He had suffered a broken nose and arm, and was knocked out. His tongue blocked his windpipe, and only quick action by the track workers kept him from death.
On Saturday during qualifying, Roland Ratzenberger, in his first year as a F1 driver (though experienced in LeMans-style racing) ran over a curb in the Acque Minerali chicane. Unbeknownst to him, his front wing was probably damaged. A lap later, he could not make it through the Villenueve kink and slammed into a concrete barrier nearly head-on at 200mph.
While the cockpit area was undamaged, the force of the impact caused a basal skull fracture (the same type of injury that killed Dale Earnhart Sr), killing him instantly.
Amazingly, on Sunday the race went on. When the lights went out, JJ Lehto's Benneton car stalled on the grid and was run into from behind by an accelerating Pedro Lamy, bringing out the safety car. For the next few laps, the field circled behind it, tires cooling and losing grip. The safety car went off, and two laps later, came another accident.
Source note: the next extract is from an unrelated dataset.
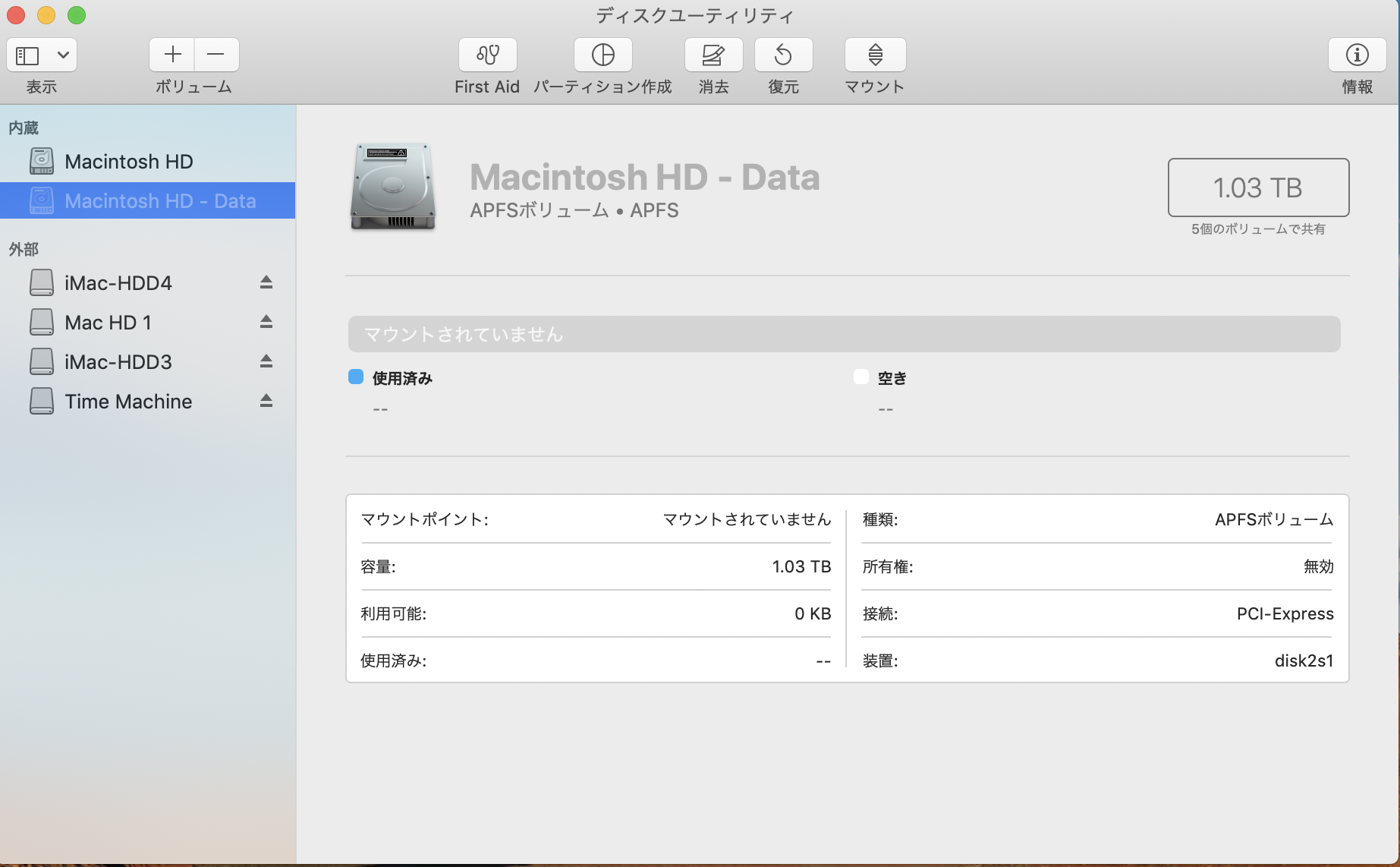 macOS Catalina でMacintosh HDとMacintosh HD - DATAと言う二つフォルダ

Ayrton Senna left the track at Tambourello, and crashed into an unprotected concrete wall at around 130mph. The right side of the car hit the wall at a shallow angle, breaking the suspension and shearing off the tires. It was not a devastating accident by any means. However, the front right wheel was launched into the cockpit, then high into the air. The tire had slammed into Senna's helmet, shoving his head back against the headrest with such force that he suffered severe skull fractures. In addition, a piece of the suspension still attached to the wheel punched through Senna's visor just above his right eye. Either injury would have been fatal on their own.
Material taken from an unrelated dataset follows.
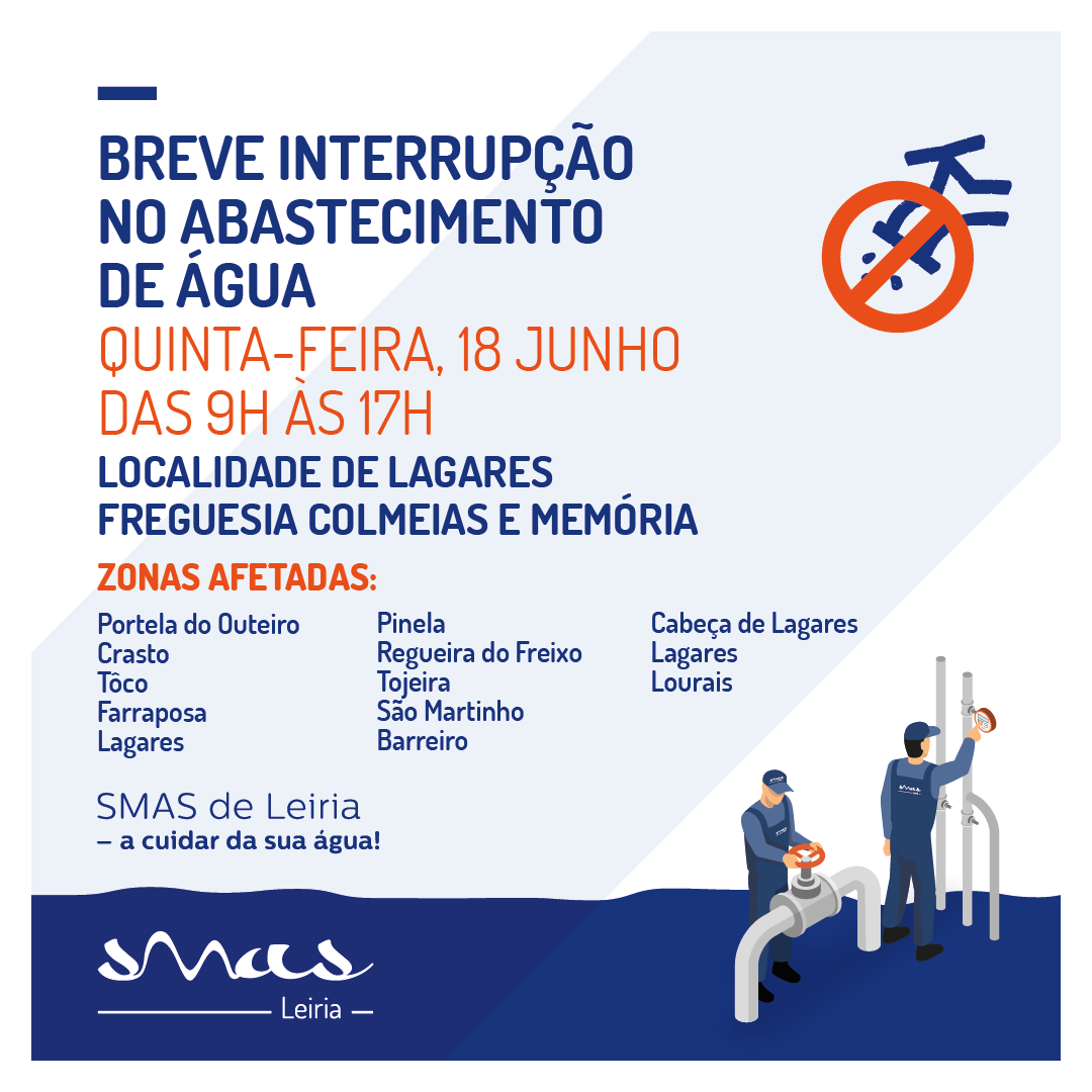 A Câmara Municipal e os SMAS de Leiria informam que na sequência das obras de Remodelação da Válvula Redutora de Pressão situada na localidade de Lagares, na Freguesia de Colmeias e Memória, irá ser realizada uma intervenção,no próximo dia 18 de junho, entre as 9:00 e as 17:00, que provocará constrangimentos no abastecimento de água.

In the cockpit of Senna's car was an Austrian flag, which he had planned to fly after the race in tribute to Roland Ratzenberger.
The day was April 30th, 1994. Fifteen years ago.
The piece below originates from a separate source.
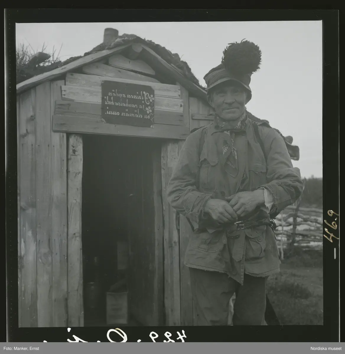 En samisk man framför sin bostad. Ovan dörren hänger en handmålad tavla med finsk text: "Iloinen sydän ja rauhaisakoti on elämän onni"

As a result of that terrible weekend, many now-common safety rules were instituted by Formula 1. The predecessor of today's HANS device. Higher sills on the cockpits to prevent tires from striking the drivers. Wheel tethers. Improved crash barriers (and no more exposed concrete walls). Redesigned tracks to lower speeds. Higher crash tolerances for the cars.
No Formula 1 driver has died during a race weekend since.
Senna was given a state funeral in Sao Paolo, Brazil, and three days of mourning were declared. The majority of the F1 community was in attendance, along with a half-million Brazillians.
Max Mosely, the president of the FIA, was not. Instead, he attended the funeral for Roland Ratzenberger two days later. In an interview 10 years after, he said one of the few genuinely good things I've ever heard him say: "I went to his funeral because everyone went to Senna's. I thought it was important that somebody went to his."
Rubens Barrichello has since set the record for career starts in Formula 1. He has no memory of his accident.